Input data:
--------
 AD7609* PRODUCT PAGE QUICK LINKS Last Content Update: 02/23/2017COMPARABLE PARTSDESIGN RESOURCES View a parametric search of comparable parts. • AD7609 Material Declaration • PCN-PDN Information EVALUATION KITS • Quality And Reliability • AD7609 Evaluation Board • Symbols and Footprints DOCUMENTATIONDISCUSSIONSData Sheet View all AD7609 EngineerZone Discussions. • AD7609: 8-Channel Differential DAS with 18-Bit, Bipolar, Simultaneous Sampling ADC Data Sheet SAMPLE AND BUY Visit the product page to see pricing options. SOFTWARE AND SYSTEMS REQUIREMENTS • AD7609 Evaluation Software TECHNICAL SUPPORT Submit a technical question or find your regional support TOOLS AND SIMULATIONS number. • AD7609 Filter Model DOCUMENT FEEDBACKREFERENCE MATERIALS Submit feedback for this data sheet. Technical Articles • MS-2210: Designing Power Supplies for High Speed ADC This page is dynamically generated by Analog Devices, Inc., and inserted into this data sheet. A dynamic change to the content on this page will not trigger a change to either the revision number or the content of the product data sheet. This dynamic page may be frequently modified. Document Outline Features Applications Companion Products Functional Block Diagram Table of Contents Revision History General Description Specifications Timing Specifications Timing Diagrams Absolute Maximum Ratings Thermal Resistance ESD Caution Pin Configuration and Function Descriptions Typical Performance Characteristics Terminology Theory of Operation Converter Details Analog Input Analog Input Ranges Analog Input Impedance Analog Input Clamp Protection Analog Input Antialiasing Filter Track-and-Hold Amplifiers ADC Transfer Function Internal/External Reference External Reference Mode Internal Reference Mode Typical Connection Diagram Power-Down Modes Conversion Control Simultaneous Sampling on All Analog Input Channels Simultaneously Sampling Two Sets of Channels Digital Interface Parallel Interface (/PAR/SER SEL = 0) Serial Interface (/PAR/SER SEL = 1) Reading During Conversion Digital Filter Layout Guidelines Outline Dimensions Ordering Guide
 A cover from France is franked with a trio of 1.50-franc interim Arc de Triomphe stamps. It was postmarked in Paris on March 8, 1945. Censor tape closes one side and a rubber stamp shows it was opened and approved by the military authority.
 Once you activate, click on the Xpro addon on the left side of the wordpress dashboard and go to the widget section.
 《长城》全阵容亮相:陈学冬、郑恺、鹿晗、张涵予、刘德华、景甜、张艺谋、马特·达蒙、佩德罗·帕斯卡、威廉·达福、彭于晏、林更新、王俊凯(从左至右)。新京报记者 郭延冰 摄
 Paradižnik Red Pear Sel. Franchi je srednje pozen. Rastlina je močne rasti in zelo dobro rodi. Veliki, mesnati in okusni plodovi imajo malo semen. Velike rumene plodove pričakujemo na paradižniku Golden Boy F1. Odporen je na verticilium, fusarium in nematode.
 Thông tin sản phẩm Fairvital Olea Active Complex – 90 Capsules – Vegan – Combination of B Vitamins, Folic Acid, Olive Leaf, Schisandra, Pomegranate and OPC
--------
Task description: Line by line, reproduce the data above exactly.

Answer to the exercise:
 AD7609* PRODUCT PAGE QUICK LINKS Last Content Update: 02/23/2017COMPARABLE PARTSDESIGN RESOURCES View a parametric search of comparable parts. • AD7609 Material Declaration • PCN-PDN Information EVALUATION KITS • Quality And Reliability • AD7609 Evaluation Board • Symbols and Footprints DOCUMENTATIONDISCUSSIONSData Sheet View all AD7609 EngineerZone Discussions. • AD7609: 8-Channel Differential DAS with 18-Bit, Bipolar, Simultaneous Sampling ADC Data Sheet SAMPLE AND BUY Visit the product page to see pricing options. SOFTWARE AND SYSTEMS REQUIREMENTS • AD7609 Evaluation Software TECHNICAL SUPPORT Submit a technical question or find your regional support TOOLS AND SIMULATIONS number. • AD7609 Filter Model DOCUMENT FEEDBACKREFERENCE MATERIALS Submit feedback for this data sheet. Technical Articles • MS-2210: Designing Power Supplies for High Speed ADC This page is dynamically generated by Analog Devices, Inc., and inserted into this data sheet. A dynamic change to the content on this page will not trigger a change to either the revision number or the content of the product data sheet. This dynamic page may be frequently modified. Document Outline Features Applications Companion Products Functional Block Diagram Table of Contents Revision History General Description Specifications Timing Specifications Timing Diagrams Absolute Maximum Ratings Thermal Resistance ESD Caution Pin Configuration and Function Descriptions Typical Performance Characteristics Terminology Theory of Operation Converter Details Analog Input Analog Input Ranges Analog Input Impedance Analog Input Clamp Protection Analog Input Antialiasing Filter Track-and-Hold Amplifiers ADC Transfer Function Internal/External Reference External Reference Mode Internal Reference Mode Typical Connection Diagram Power-Down Modes Conversion Control Simultaneous Sampling on All Analog Input Channels Simultaneously Sampling Two Sets of Channels Digital Interface Parallel Interface (/PAR/SER SEL = 0) Serial Interface (/PAR/SER SEL = 1) Reading During Conversion Digital Filter Layout Guidelines Outline Dimensions Ordering Guide
 A cover from France is franked with a trio of 1.50-franc interim Arc de Triomphe stamps. It was postmarked in Paris on March 8, 1945. Censor tape closes one side and a rubber stamp shows it was opened and approved by the military authority.
 Once you activate, click on the Xpro addon on the left side of the wordpress dashboard and go to the widget section.
 《长城》全阵容亮相:陈学冬、郑恺、鹿晗、张涵予、刘德华、景甜、张艺谋、马特·达蒙、佩德罗·帕斯卡、威廉·达福、彭于晏、林更新、王俊凯(从左至右)。新京报记者 郭延冰 摄
 Paradižnik Red Pear Sel. Franchi je srednje pozen. Rastlina je močne rasti in zelo dobro rodi. Veliki, mesnati in okusni plodovi imajo malo semen. Velike rumene plodove pričakujemo na paradižniku Golden Boy F1. Odporen je na verticilium, fusarium in nematode.
 Thông tin sản phẩm Fairvital Olea Active Complex – 90 Capsules – Vegan – Combination of B Vitamins, Folic Acid, Olive Leaf, Schisandra, Pomegranate and OPC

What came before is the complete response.